Extracting a submatrix using cublas

Hi everyone,

I hoped to find a topic about this but didn’t. Here is my issue/question:

Basically, I have a nxm matrix and I would like to extract a sub-matrix from it.

Extracting the first line or the first column seems pretty easy using a simple scopy, but when it comes to extracting the bottom-right elements I can’t figure out how to do that using cublas.

I noticed that I can perform operations on a submatrix using the lead dimensions, but here I just want to “extract” a part of a matrix.

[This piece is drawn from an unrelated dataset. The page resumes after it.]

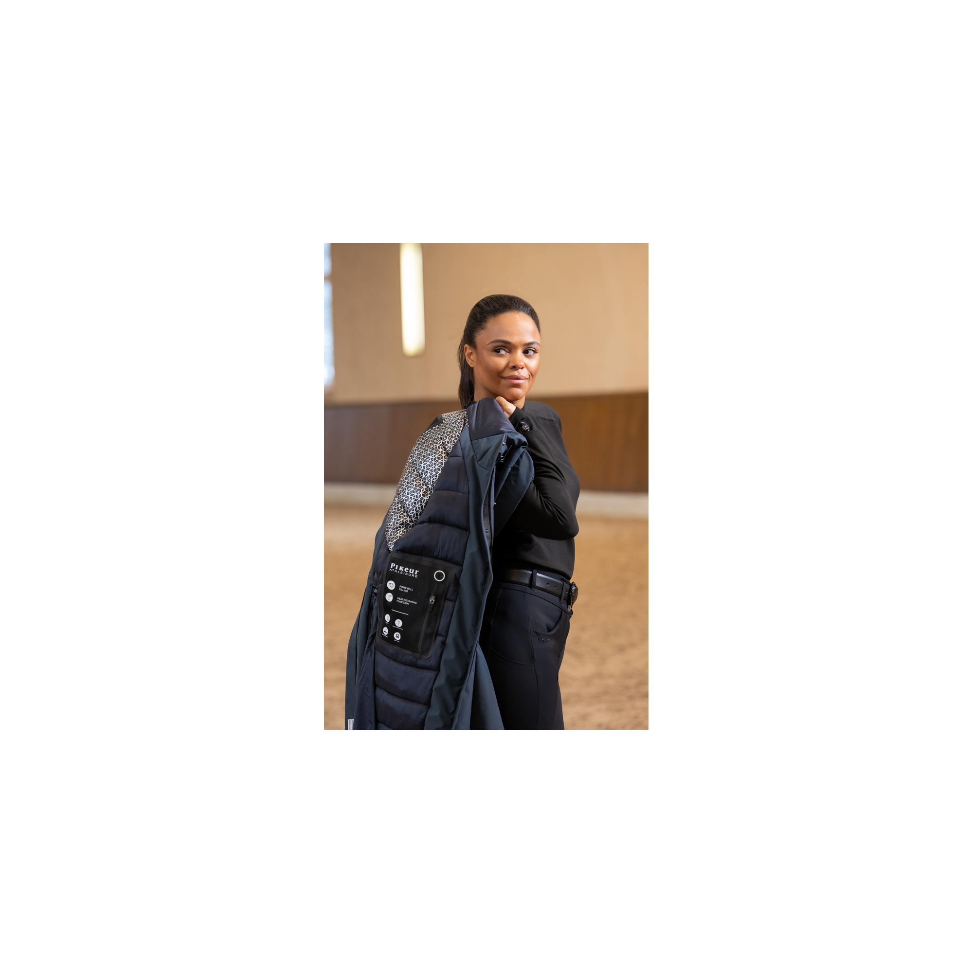 The tailored feminine cut highlights the silhouette, while the extended length effectively covers the legs and saddle area during riding. Special riding slits and inserts provide full freedom of movement in the saddle while maintaining complete rain protection. The Athleisure collection combines modern style with high functionality, making this coat ideal for both training sessions and everyday wear.
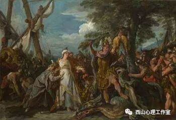 他们碰到的第五件事也是一个危难。在中途休息的时候,赫拉克勒斯去打猎,许拉斯跟他一块,结果许拉斯在幽谷中迷路了。在湖边休息的时候,有一个宁芙从水里边升起来,看到这个俊美的青年就爱上了他。许拉斯和宁芙眼对眼,也被催眠了,看迷糊了。于是,宁芙就把他一把拖进了水里面。那个小伙子就永远地在湖里面陪着这些姑娘们。赫拉克勒斯发现了许拉斯失踪了以后,非常的着急和焦虑,到处寻找,错过了开船的时间。赫拉克勒斯和许拉斯也就从任务里面退出来了。那也就是说,这个巨大的力量退出了,俊美的容貌退出了。这就给美狄亚留出了施展能力的空间。为什么这么说?因为作为力量原型的赫拉克勒斯不难取得金羊毛,但这不是他的事儿。

I wrote a kernel myself that does the job correctly and is pretty simple, but it is really not good in terms of performances… :/ I write it here for info it extract n-1 rows and m-1 columns from the origin matrix

if origin is
3 4 12 5
2 5 11 3
1 3 8 2

destination should be
5 11 3
3 8 2

__global__ extractBottomRightMatrix(T *dest, const T *orig, int nbRows, int size)
{
     int i = blockDim.x * blockIdx.x + threadIdx.x;

     if (i < size)
          dest[i] = orig[i + nbRows + 1 + i/(nbRows - 1)];
}

First of all, is it possible using cublas ? Or just cuda ? If yes, can anyone give me some pointers ?

Thanks ! :)

In cuda this can be done using cudaMemcpy2D

http://docs.nvidia.com/cuda/cuda-runtime-api/group__CUDART__MEMORY.html#group__CUDART__MEMORY_1g3a58270f6775efe56c65ac47843e7cee

In cublas this can be done using cublasGetMatrix/cublasSetMatrix

http://docs.nvidia.com/cuda/cublas/index.html#cublassetmatrix

“This function copies a tile of rows x cols elements from a matrix A …”

Thank you for this answer.

Unfortunately, it implies copies from/to the device from/to the host, which I would like to avoid.

I was hoping to do that without memory transfers. ;)

cudaMemcpy2D can do it as a device->device copy

but a well-written copy kernel should be just as fast